** GIVEN INFORMATION follows **

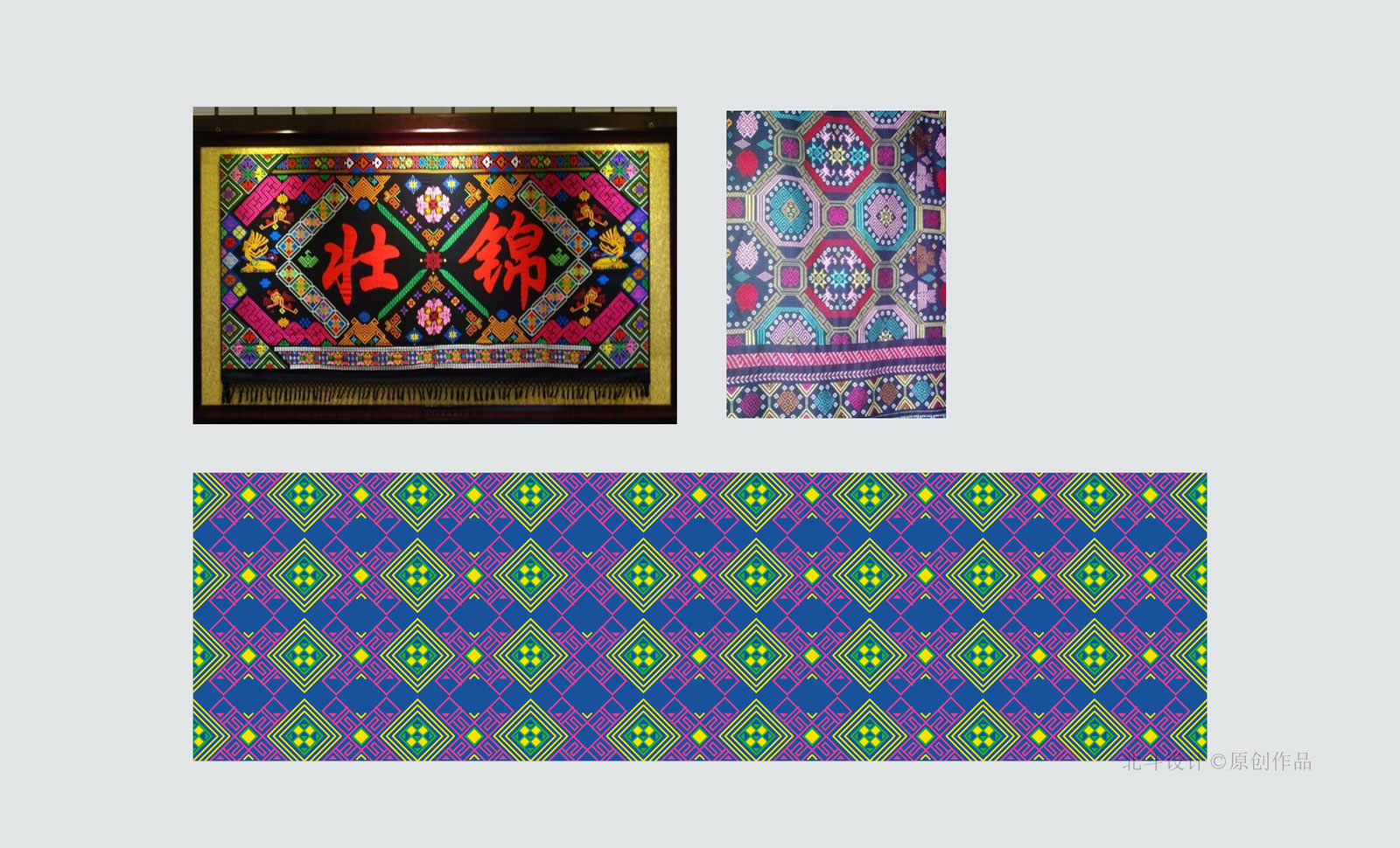 通过对于广西文化的深入研究,我们选择了广西壮族的一种民族文化图腾——“壮锦”,作为邦蓓优品牌的寄生文化图腾;壮锦,与云锦、蜀锦、宋锦并称中国四大名锦,据传起源于宋代,是中华民族文化瑰宝。我们通过基于产品陈列识别与后续不同媒体的应用,对壮锦图腾重新设计排布,目的是为了更加契合不同产品包装载体的陈列,为产品后续的创意预留更加充沛的发挥空间。
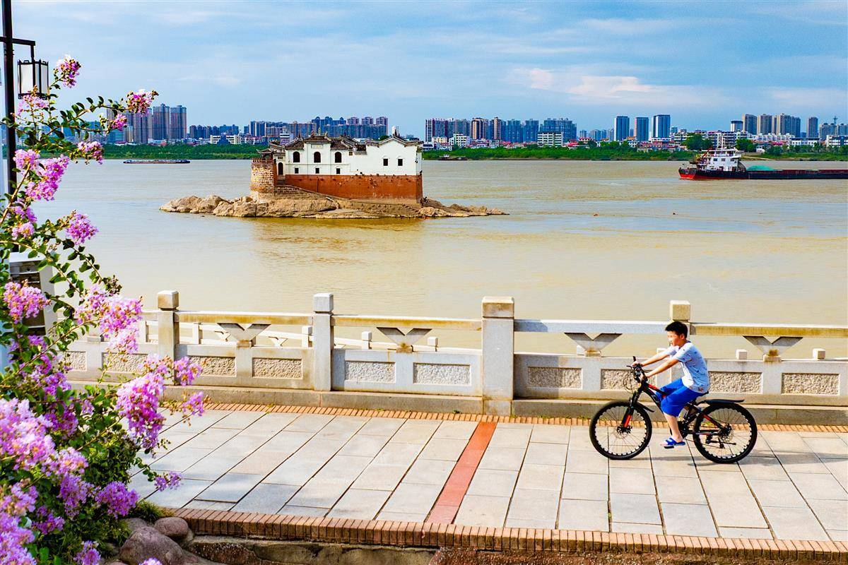 2025年8月1日,湖北鄂州,孩子骑着自行车经过花开正盛的长江江滩,背后的观音阁依旧巍然屹立,远处的黄冈市区大片高楼拔地而起,江面上航行的是川流不息的货轮,一副生机勃勃的景象印入眼帘。(湖北日报全媒记者 何宇欣 摄)
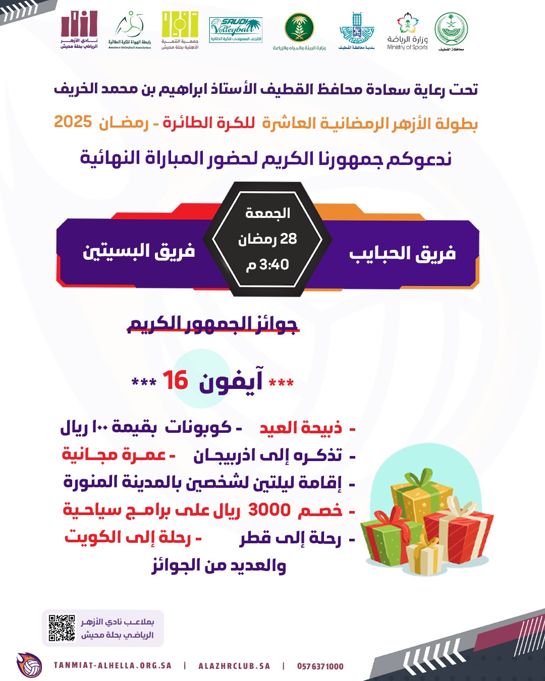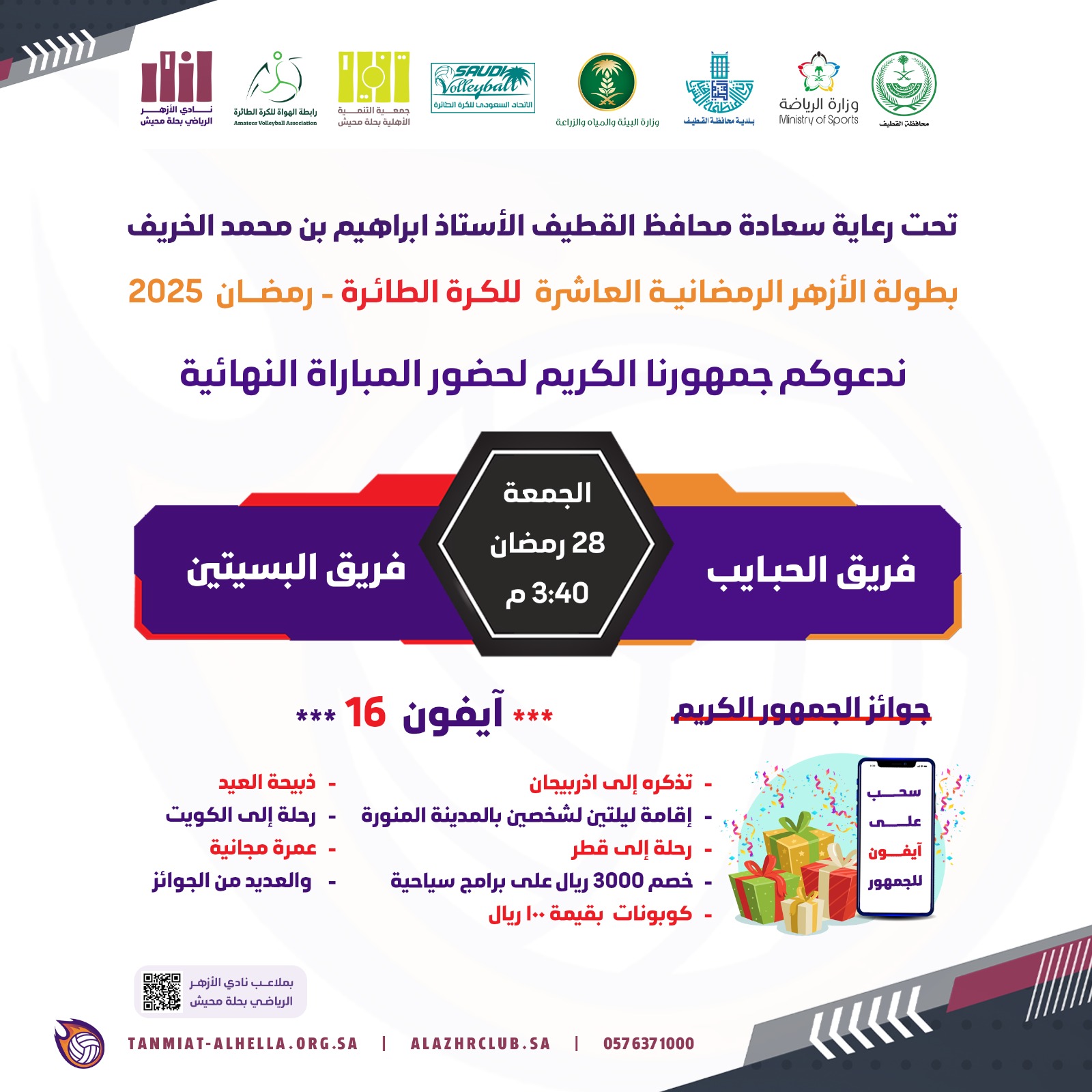 تحت رعاية سعادة محافظ القطيف الأستاذ إبراهيم بن محمد الخريف تختتم اليوم الجمعة بطولة الأزهر الرمضانية العاشرة لكرة الطائرة والتي ينظمها نادي الأزهر الرياضي وجمعية التنمية الاجتماعية بحلة محيش .
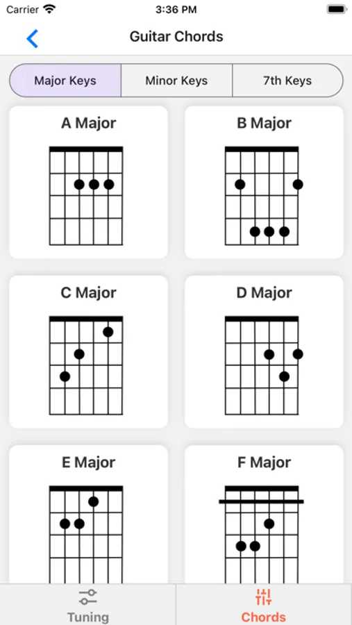 Customizable Settings: Tailor the app to your preferences with customizable settings. Adjust the tuning reference, select alternate tuning options, and modify the chord display to suit your playing style and personal needs.
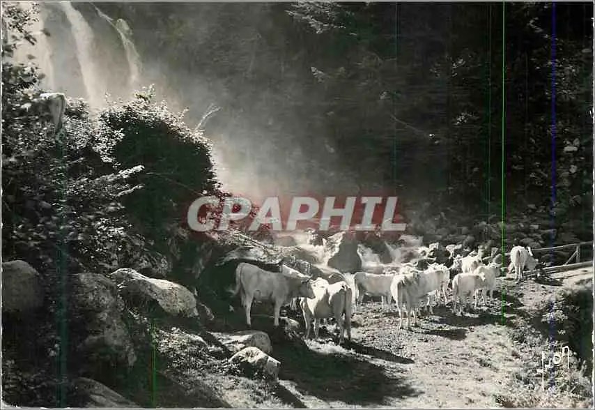 Cartes postales moderne Cauterets La Raillere (Htes Pyr) Devant la Cascade du Lutour Vaches

** End of GIVEN INFORMATION **

_EXERCISE PROMPT_. After locating the line that contains "تحت رعاية سعادة", output it and all later lines through the end of the material exactly, leaving out pictures.

_SOLUTION BELOW_.
 تحت رعاية سعادة محافظ القطيف الأستاذ إبراهيم بن محمد الخريف تختتم اليوم الجمعة بطولة الأزهر الرمضانية العاشرة لكرة الطائرة والتي ينظمها نادي الأزهر الرياضي وجمعية التنمية الاجتماعية بحلة محيش .
 Customizable Settings: Tailor the app to your preferences with customizable settings. Adjust the tuning reference, select alternate tuning options, and modify the chord display to suit your playing style and personal needs.
 Cartes postales moderne Cauterets La Raillere (Htes Pyr) Devant la Cascade du Lutour Vaches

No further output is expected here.